Multistable structures have a promising potential in a wide range of engineering and
scientific applications, such as shock absorption, soft robotics, superelastic structures,
vibration mitigation, foldable structures, configurable structures, programmable
materials, and tunable shape-memory structures. In addition, they are directly
relevant to the study of materials undergoing martensitic phase transformations,
macromolecular networks, and the development of new metamaterials. In this paper,
we study the quasistatic behavior of 2-D bistable lattices subjected to shear, with
emphasis on the multitude of equilibrium configurations, overall stress-strain relation,
sequence of phase transition, and statistics of stress jumps.
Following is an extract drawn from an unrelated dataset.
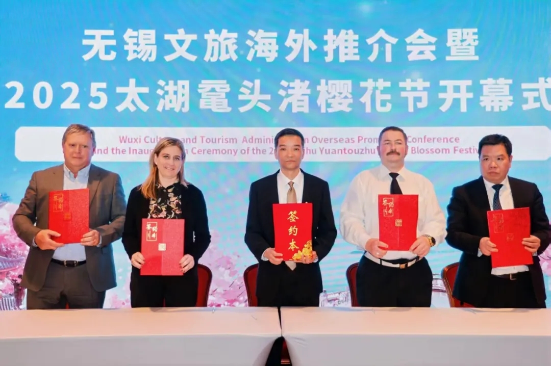 作为与日本弘前樱花园、美国华盛顿樱花园齐名的“世界三大赏樱胜地”,太湖鼋头渚此次借力国际化平台,与欧赛斯旅行社等四家欧洲旅行商签署客源互送协议,并授予四位海外推荐官“无锡文旅海外推广大使”称号。

In particular, the
influence of material (properties of the individual bistable interaction) and
microstructure geometry (architecture of the lattice) on the above mentioned
characteristics of the overall behavior is investigated. To this end, we perform
extensive numerical simulations with four different periodic lattice geometries. We
find that, for the same loading conditions, different lattice geometries or
different material (bistable) properties of the building block may result in
fundamentally different overall (macro) behaviors. This is manifested both in the
overall stress-strain relation and also in the evolution of the phase-transition
patterns. Also, hysteresis, which is a macroscopic manifestation of the energy
dissipated during change of configuration, is significantly affected by the
lattice architecture. Similar effects of geometrical incompatibility, but at the
level of the atomic lattice, have been observed in shape-memory alloys. Our
results also reproduce stress peaks, associated with nucleation of a new phase.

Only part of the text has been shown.